Greater men than I have been persecuted to get the bible through time.
Who am I to get discouraged by a bunch of idiots that can’t get their shit together … and be a family?
I gave my mother a call today …
We spoke for a little while. She’s doing fine.
… and I feel better."
Awesome. Now...FOCUS on fulfilling YOUR PURPOSE and get YOUR BOOK DONE FOR U!
I shared my family keepsake book (www.CottonPickinPaycheck.com)today with over 200 retirees.
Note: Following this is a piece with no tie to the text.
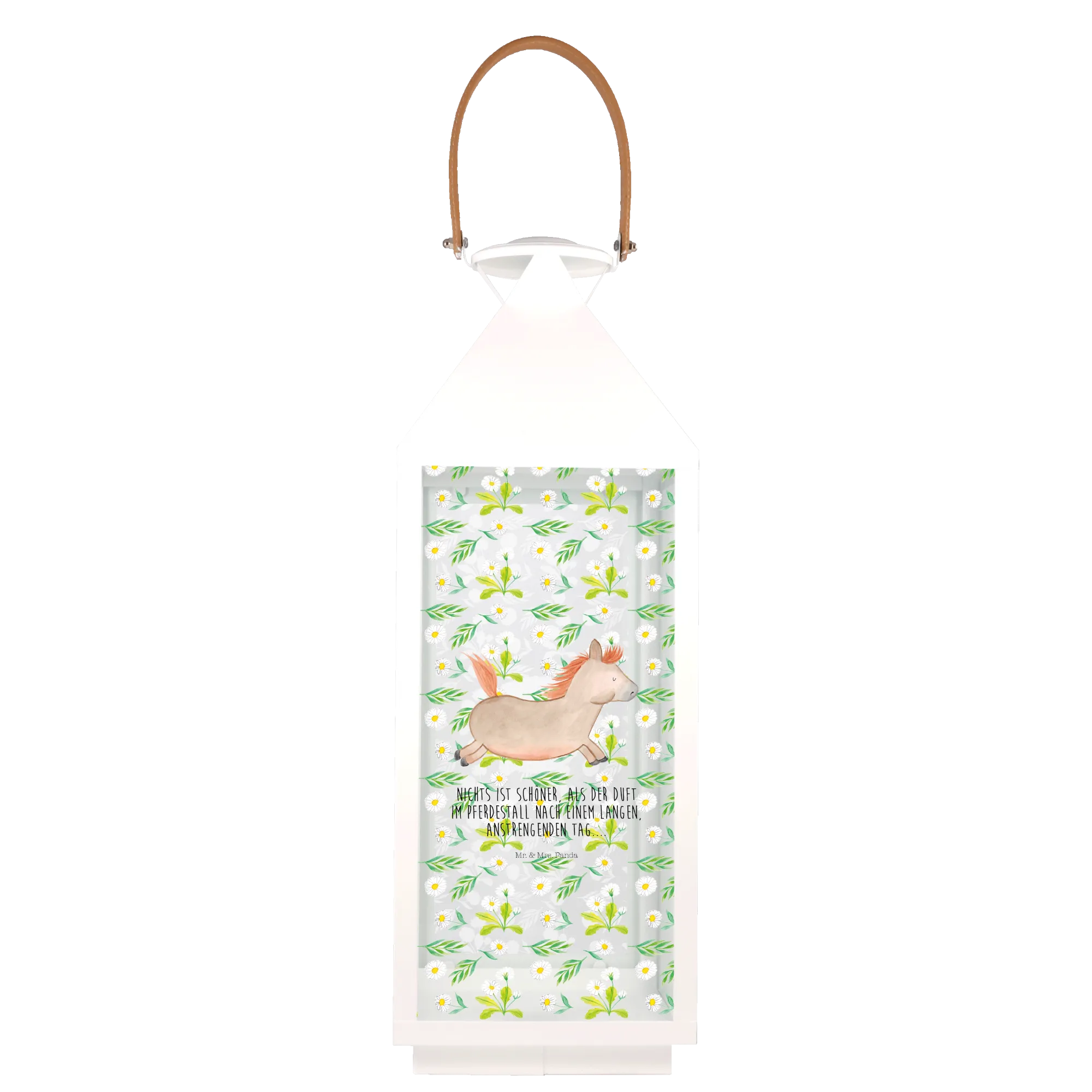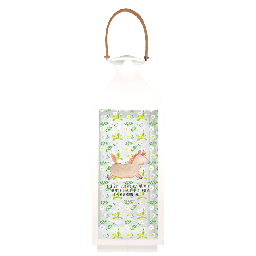 Die Deko Laterne mit dem süßen Motiv "Pferd springt" aus der bezaubernden Bauernhof-Kollektion von Mr. & Mrs. Panda ist das perfekte Geschenk für alle Pferdeliebhaber und Pferdebesitzer.

I explained to different people who shared how much they too wanted to complete a family book but could not get cooperation from family...USE THE COURTHOUSE RECORDS AND MOVE ON! Your stories and recollections like the ones above are more than U can appreciate being so close to them...or the truth...it is YOUR STORY COREY...NOT THEIRS.
The world is waiting....:)
Sisterly love,
Joan
Thanks for sharing your thoughts and get that book done! You'll be so glad you did!
I have no idea how those who act as if they are foreigners from another world who make sure that we know that anything we attempt to do is going to be bombarded with negative responses, buried in jealous rages and cloaked in suspicion when they have no idea what you are doing. Yet, I can count on them showing up to force their imput on any family decision to be made though they had never as much as shown up with a loaf of bread when it was needed. Family, Cory, can be a catch all phrase used to include every type yo yo imaginable to man and we have no control over who might be included. To have one disparage the fact that my children along with my sibling's kids are college graduates is beyond my comprehension when we were raised to succeed and make better lives for ourselves. They seem set in a self restrictive box which says we are supposed to be dumb and poor and anyone who gets beyond that has some sort of problem. That we might not really be family.
I feel you Cory and can relate quite well. Please keep in mind that it is YOUR STORY and not theirs.
I am glad I took the risk years back and wrote a story about a trip to the drive-in horror show, then shared that as a gift for my Dad's 75th birthday. We lost him a scant 2 years later, and the story was read again as part of his eulogy.